Supplied information START

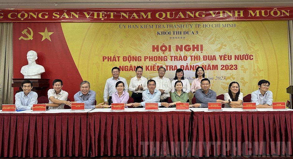 Các đơn vị Khối thi đua 3 thực hiện ký kết giao ước thi đua năn 2023(Thanhuytphcm.vn) - Chiều 30/3, Ủy ban Kiểm tra Đảng ủy Khối cơ sở Bộ Công Thương tại TPHCM, Khối trưởng Khối thi đua 3 - Ủy ban Kiểm tra Thành ủy đã tổ chức Hội nghị phát động phong trào thi đua yêu nước Ngành Kiểm tra Đảng năm 2023.
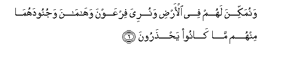 6. Wanumakkina lahum fee al-ardi wanuriya firAAawna wahamana wajunoodahuma minhum ma kanoo yahtharoona
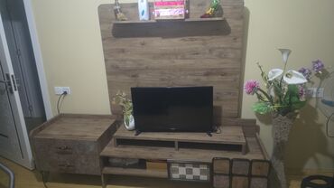 - Ölçü təxmini: TV stolu hissəsi orta ölçülü TV-lər üçün uyğundur; arxa panel stolu vizual olaraq tamamlayır
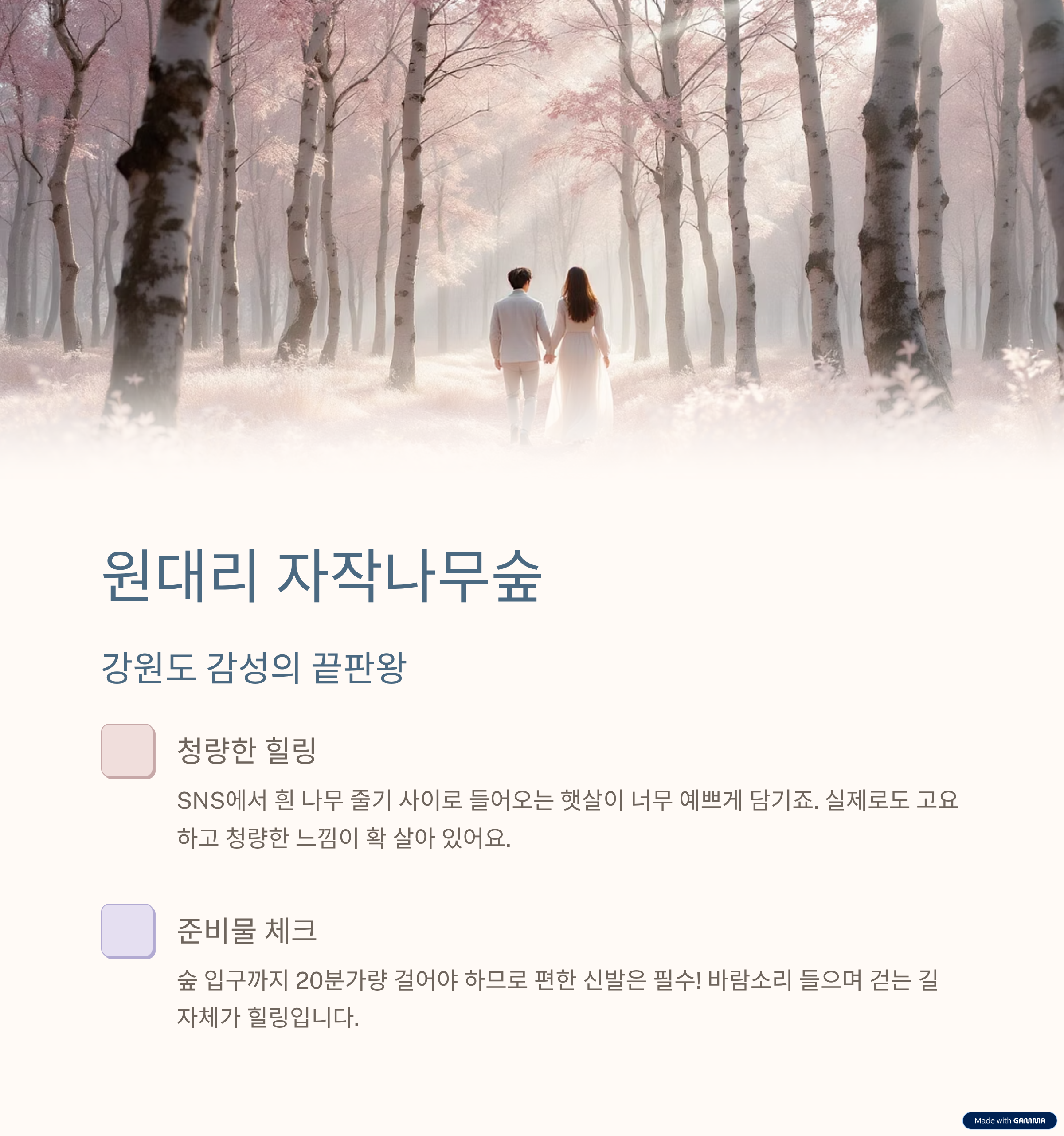 | 원대리 자작나무숲 | 신비롭고 청량한 숲 | 고요하고 걷기 좋지만 입구까지 거리 있음 |

Supplied information END

Write out exactly the lines running from the one with "6. Wanumakkina lahum" through the end of the material, both ends included, while leaving the pictures out.

Response to the exercise:
 6. Wanumakkina lahum fee al-ardi wanuriya firAAawna wahamana wajunoodahuma minhum ma kanoo yahtharoona
 - Ölçü təxmini: TV stolu hissəsi orta ölçülü TV-lər üçün uyğundur; arxa panel stolu vizual olaraq tamamlayır
 | 원대리 자작나무숲 | 신비롭고 청량한 숲 | 고요하고 걷기 좋지만 입구까지 거리 있음 |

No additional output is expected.